1. SMA - Spontaneous Motor Activity.
The Animal Activity Monitor incorporates highly sensitive electronic capacitive sensors to detect changes in vibratory movements on the platform of the animal cage as a function of psychoactive drug ingestion/administration. The animal is placed inside an acrylic transparent cage that rests on the sensor platform. Testing can be conducted in complete darkness,or in bright sunlight. Ambient illumination is not a limiting factor as in most photocell activity monitors.It detects ambulatory movements as well as stereotypic activity like grooming, scratching, digging, etc. Vibrations caused by the animal activity produce proportional electrical signals. These are electronically processed to generate trigger pulses and drive a Digital Counter. Every count registered is accompanied by a flashing LED and beeper. The sensitivity of the animal activity monitor is adjustable as per user’s experimental requirements. An optional Timer is available to programme experiment  times from 1 to 99 minutes.

- Respondent Conditioning

1. Pavlovian conditioning example: Conditioned Place Preference (CPP)

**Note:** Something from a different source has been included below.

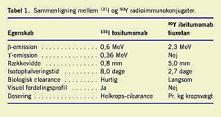 Ibritumomab er et murint IgG1-kappa-monoklonalt anti-CD20-antistof, som er det oprindelige antistof til det kimære rituximab. Antistoffet bliver ved klinisk brug bundet til en radioaktiv isotop med chelatbinderen tiuxetan, som stabiliserer den radioaktive isotops binding til antistoffet. Det er muligt at benytte 111 In-konjugeringen til dosimetri og billeddannende formål og 90Y konjugeringen til selve radioimmunoterapien. Når antistoffet er bundet til tumorcellen, deponerer radionukleotiden hovedsageligt sin energi i de omkringliggende celler, hvorved der opstår en »krydsildseffekt«, som inducerer en letal DNA-skade. 90Y afgiver kun betaemission, har en rækkevidde på 5 mm og har en halveringstid på 64 timer (Tabel 1). I kliniske undersøgelser er sikkerheden og effekten blevet vurderet i fase I/II-undersøgelser hos patienter med refraktære follikulære eller transformerede lymfomer, hvor den maksimale tolererede dosis var hhv. 0,4 mCi/kg og 0,3 mCi/kg ved trombocyttal på 100-150 mia./l. I en fase III-undersøgelse blev 90 Y ibritumomab-tiuxetan sammenlignet med rituximab hos 143 patienter med recidiverende eller refraktært follikulært lymfom [2]. Man fandt en signifikant højere responsrate på hhv. 80% og 56% og en højere andel af ibritumomab-patienterne opnåede varig (> 6 mdr.) komplet remission (CR) (30% vs. 16%). Også hos patienter, som tidligere var blevet behandlet med rituximab, er der vist effekt af RIT, hvor 54 patienter med follikulært lymfom, grad I-III, som var refraktære over for rituximab-behandling, opnåede 74% respons på ibritumomabbehandling, heraf 15% i CR [3]. I ingen af de hidtil publicerede studier har man dog kunnet påvise en øgning af over-levelsen. Bivirkningerne er primært hæmatologiske med transient udvikling af common toxicty criteria (CTC) [4] grad IV-neutropeni, trombocytopeni og anæmi på hhv. 35%, 9% og 4%. Tidspunkt for udviklingen af nadir (4-5 uger) opstod væsentlig senere end ved kemoterapi, ligesom varigheden af nadir (15-17 dage) var væsentlig længere. De ikkehæmatologiske bivirkninger var primært infusionsrelaterede med træthed (54%), kvalme (35%), kulderystelser (25%) og feber (21%).

The apparatus consists of two compartments that vary along several sensory dimensions, including the characteristics of the floor and the pattern or color of the walls. After each compartment has been repeatedly paired with drug or saline administration, the reinforcing or aversive effect of the drug is determined in a test session in which the animal has access to both compartments, and the amount of time spent in each is monitored with photocells or by visual observation.

- Operant Conditioning


1. schedules of reinforcement
  • Fixed Ratio Schedule (FR): A set number of correct responses must be made to obtain a reinforcer
  • Variable Ratio Schedule (VR): Varied number of correct responses must be made to get a reinforcer
  • Fixed Interval Schedule (FI): The first correct response made, after a certain amount of time has elapsed, is reinforced

2. Avoidance Operants:
Signal --> Response -->No shock
Signal --> No Response-->Shock

3. Escape Operants (Sidman Avoidance):
Shock-->Response--->no shock

4. Escape-Avoidance Operants:
Signal --> Response -->No shock
Signal --> No Response->Shock-->Response-->no shock

5. Punishment Operants:
phase 1: Response -->No shock + Reinforcement
phase 2: Response -->Shock + Reinforcement

6. Drug state discrimination:
Stimulus Properties of Drugs
- drugs can act as discriminative stimuli
- can be used to investigate new drugs
- can be used to investigate physiological mechanisms responsible for the
subjective effect of a drug.
- Summary of Differences Between Respondent (Pavlovian) and Operant Learning:
- Drug Development and Testing:

1. initial screening - nonhuman testing
ED50 and LD50

2. phase 1 - human testing
Toxicity and side effects

3. phase 2 - tested on patients

4. phase 3 - Clinical trials
3 groups design

5. phase 4 - extended data collection
often no compulsory reporting of side effects.